Hong Kong to authorize in-kind reimbursement model in Bitcoin ETFs

It appears that Hong Kong's financial regulator, the Securities and Futures Commission (SFC), will allow in-kind creations and redemptions in Bitcoin ETFs.

According to Bloomberg ETF analyst Rebecca Sin, the FSC is preparing to authorize the listing of Bitcoin spot ETFs in the Asian market. However, beyond approving the entry of these cryptocurrency investment vehicles, it is likely that the financial authority will also authorize the in-kind reimbursement model for these exchange-traded funds, allowing Bitcoin ETF managers to reimburse investors using the cryptocurrency instead of cash.

As experts point out, this is an important distinction in relation to the cash reimbursement model that was approved by the Securities and Exchange Commission (SEC) in the United States last January.

Eric Balchunas, senior ETF analyst at Bloomberg, commented that if the Hong Kong FSC approves this reimbursement model, Asian investors could flock to the Bitcoin market.

Hong Kong may be a catalyst for Bitcoin ETFs

Following the historic milestone reached by Bitcoin and cryptocurrencies in January this year, after obtaining SEC approval for the launch of spot ETFs in the US market, experts believe that the digital asset industry is about to see another major event, and that is China's capitulation in the crypto market.

Citing a note by analyst Sin in Bloomberg, Balchunas commented that Bitcoin spot ETFs could reach the Hong Kong market in the second quarter of this year and subsequently seize markets throughout the region.

The expert emphasized that the approval of Bitcoin ETFs in Hong Kong and the in-kind redemption model for these exchange-traded funds, could “help boost assets under management and volume in the fast-growing region.”

China is the second largest economy in the world and, for several years, it led the cryptocurrency industry globally. However, in 2021 the country's regulators banned the commercial activity of crypto assets and Bitcoin mining, causing the expulsion of many companies and investors.

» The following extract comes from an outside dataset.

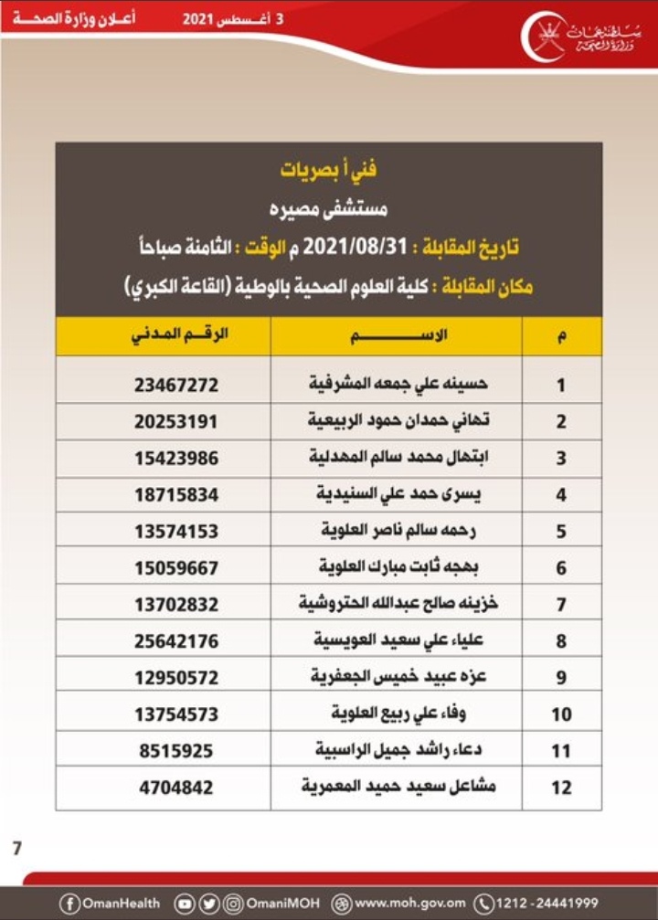 أعلنت وزارة الصحة بالتنسيق مع وزارة العمل للمواطنين المبينة أسماؤهم أدناه والذين سبق لهم التقدم لشغل إحدى الوظائف الطبية والطبية المساعدة بأن عليهم الحضور في الزمان والمكان المحددين بالإعلان لحضور الإختبار التحريري والمقابلة الشخصية.
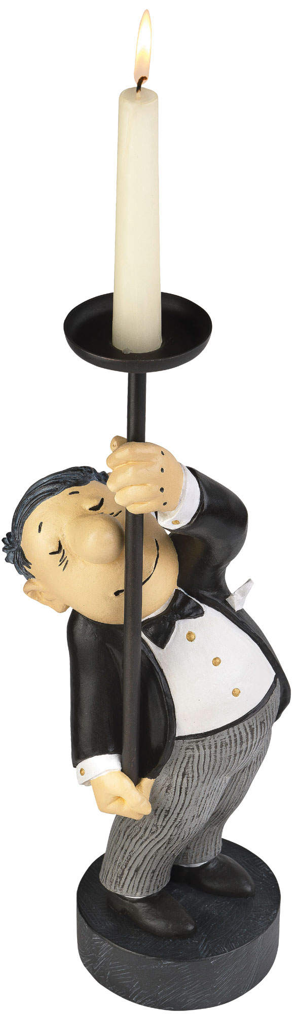 "Det är nästan omöjligt att bära sanningens fackla genom en folkmassa utan att bränna någons skägg", skrev Göttingenfysikern Georg Christoph Lichtenberg - säkerligen en av Loriots intellektuella förfäder - en gång i en av sina berömda "Sudelbücher". Loriots "fackelbärare" ger ljus och den rätta synen på saker och ting med ett stoiskt uttryck och uppenbar stolthet. Edition i handmålad konstgjutning med löstagbar hållare (patinerad bronsstav med kopparskål). Begränsad upplaga om 1 499 exemplar, individuellt numrerade och signerade av Loriot. Numrerat äkthets- och begränsningscertifikat. Storlek 11 x 32 x 9 cm (B/H/D), vikt 2 kg. ars mundi exclusive edition. Levereras utan ljus. På grund av materialet, som kan smälta vid stark värme, får ljusen inte brännas ner helt. Lämna inte brinnande ljus obevakade.

Now, the approval of Bitcoin ETFs in Hong Kong could signal that Chinese regulators may eventually consider approaching this emerging market again, as Hong Kong is seen as a key gateway for the return of cryptocurrencies to China.

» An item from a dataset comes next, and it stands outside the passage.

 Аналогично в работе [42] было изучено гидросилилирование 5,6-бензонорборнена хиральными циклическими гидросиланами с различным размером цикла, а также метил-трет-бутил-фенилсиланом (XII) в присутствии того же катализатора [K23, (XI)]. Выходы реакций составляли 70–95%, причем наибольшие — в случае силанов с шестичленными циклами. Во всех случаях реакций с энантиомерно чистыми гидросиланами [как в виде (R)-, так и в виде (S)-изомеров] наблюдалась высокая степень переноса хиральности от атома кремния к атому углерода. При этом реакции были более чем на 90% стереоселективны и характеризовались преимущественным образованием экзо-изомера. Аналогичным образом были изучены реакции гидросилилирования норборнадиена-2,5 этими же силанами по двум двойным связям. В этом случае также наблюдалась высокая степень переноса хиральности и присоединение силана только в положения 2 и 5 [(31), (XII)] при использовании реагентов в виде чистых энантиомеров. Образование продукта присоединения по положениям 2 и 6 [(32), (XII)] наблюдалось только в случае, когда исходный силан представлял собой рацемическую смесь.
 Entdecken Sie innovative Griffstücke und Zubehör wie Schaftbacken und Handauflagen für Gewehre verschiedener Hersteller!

The principle of “One country, Two systems”

Hong Kong maintains its own legal and financial system through the “one country, two systems” principle, allowing it to have its own government, laws and regulatory policies separate from the greater nation. Thanks to this, Hong Kong has begun to soften its policies towards cryptocurrencies, in order to use the innovation of cryptoassets to boost its financial and technological growth and leadership.

The region's pivot to cryptocurrencies, allowing retail investors to participate in this market and accelerating the development of Web3, has generated intense debate about how it could be mitigating China's restrictive policies and paving the way for make the entire country crypto-friendly again.

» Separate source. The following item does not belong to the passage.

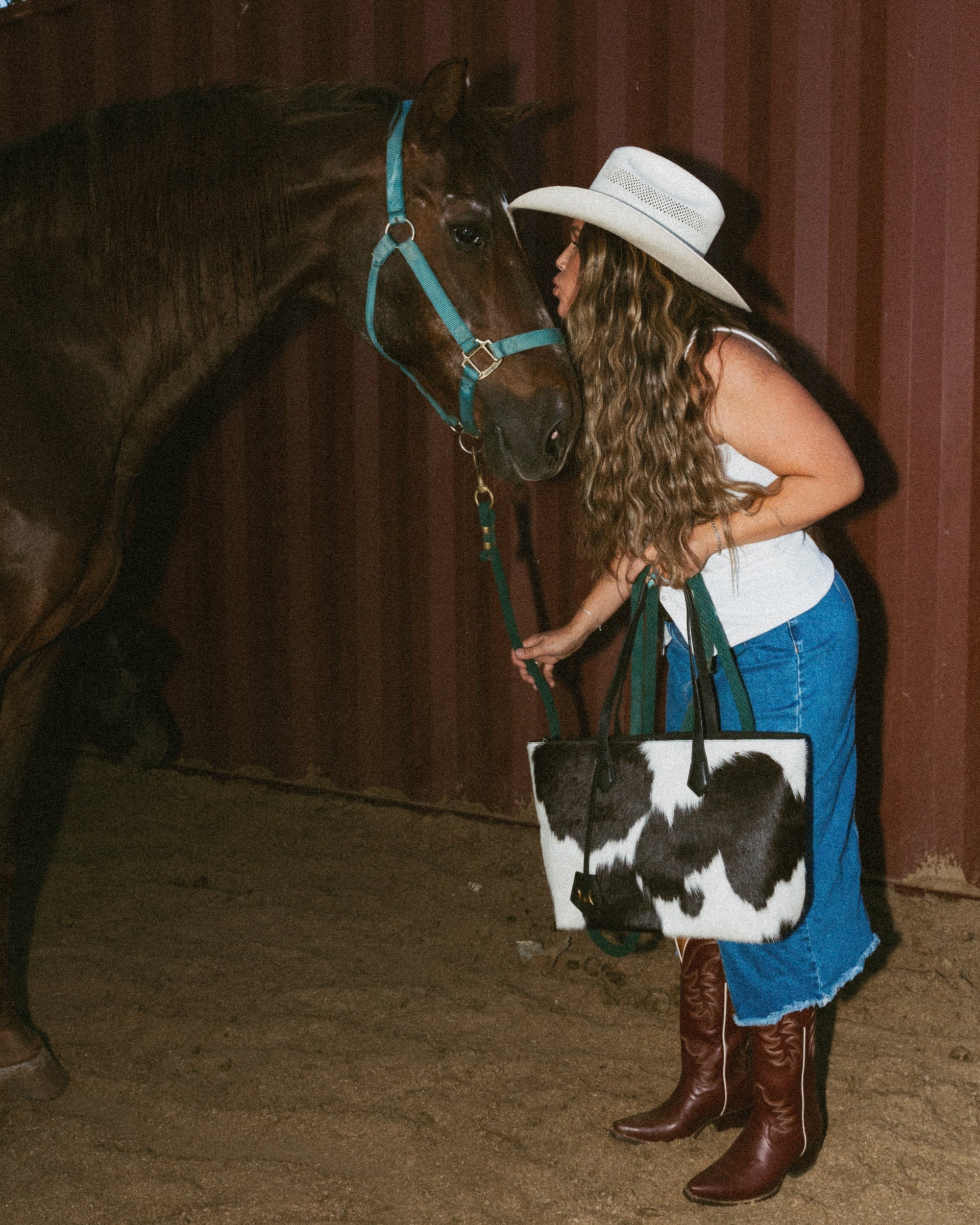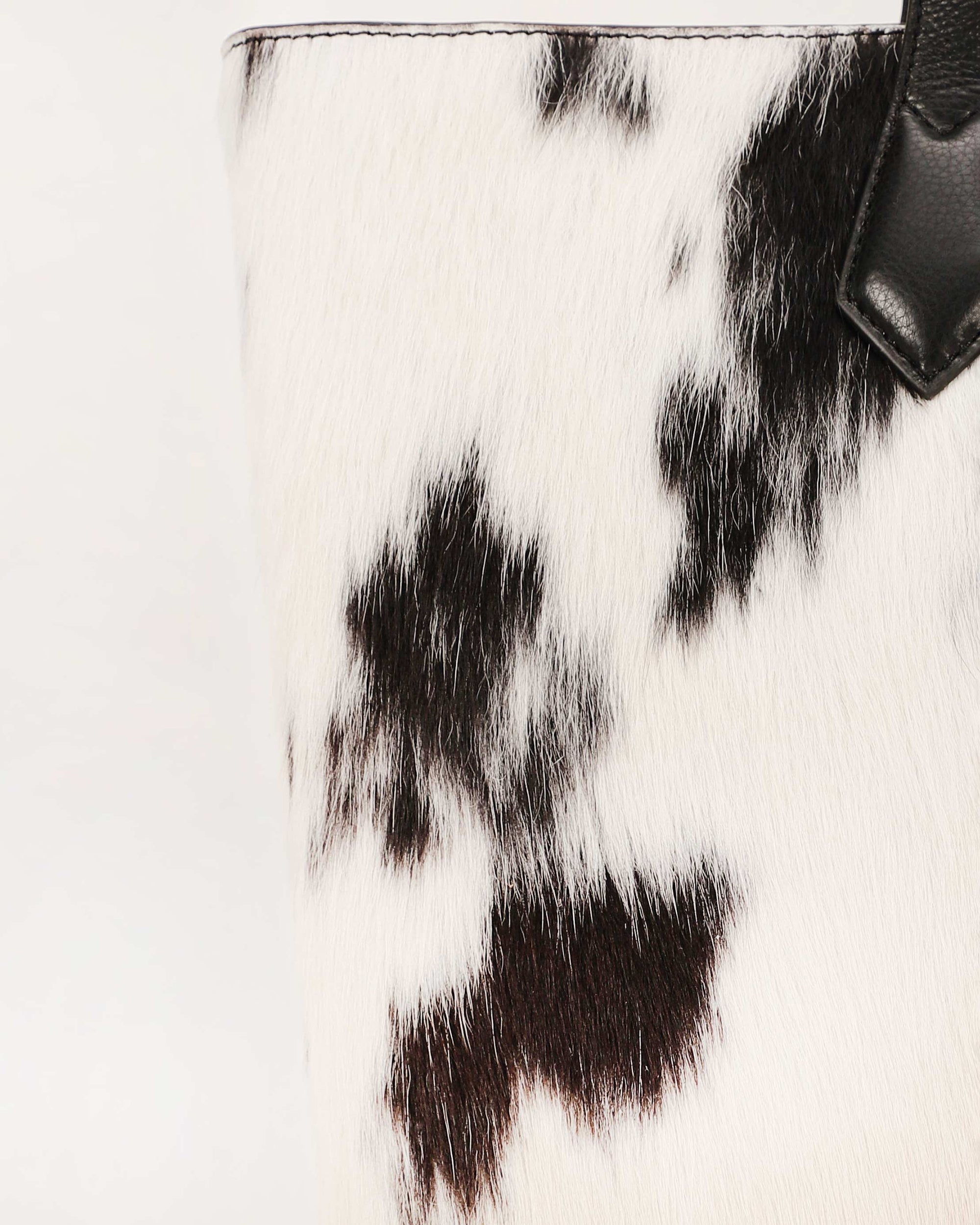 The contrast of black and white creates a timeless, eye-catching look, while the premium hairon cowhide ensures durability and a sophisticated finish. Whether you're heading to work or out for the day, this tote adds an element of bold elegance to any outfit.

In December, Hong Kong's financial regulator reported that was open to receive applications for the listing of Bitcoin ETFs and facilitate the expansion of cryptoassets in their traditional financial markets.

A legal way to invest in Bitcoin

Noelle Acheson, author of the “Crypto is Macro Now” newsletter, highlighted that Hong Kong’s approval of Bitcoin ETFs would provide a legal avenue for Chinese investors to participate in the crypto market, which would be “huge,” even if it were of a small percentage of these investors.

According to experts, it is only a matter of time before Hong Kong authorizes operations with Bitcoin ETFs and for cryptocurrencies to gain a new victory in the Asian market.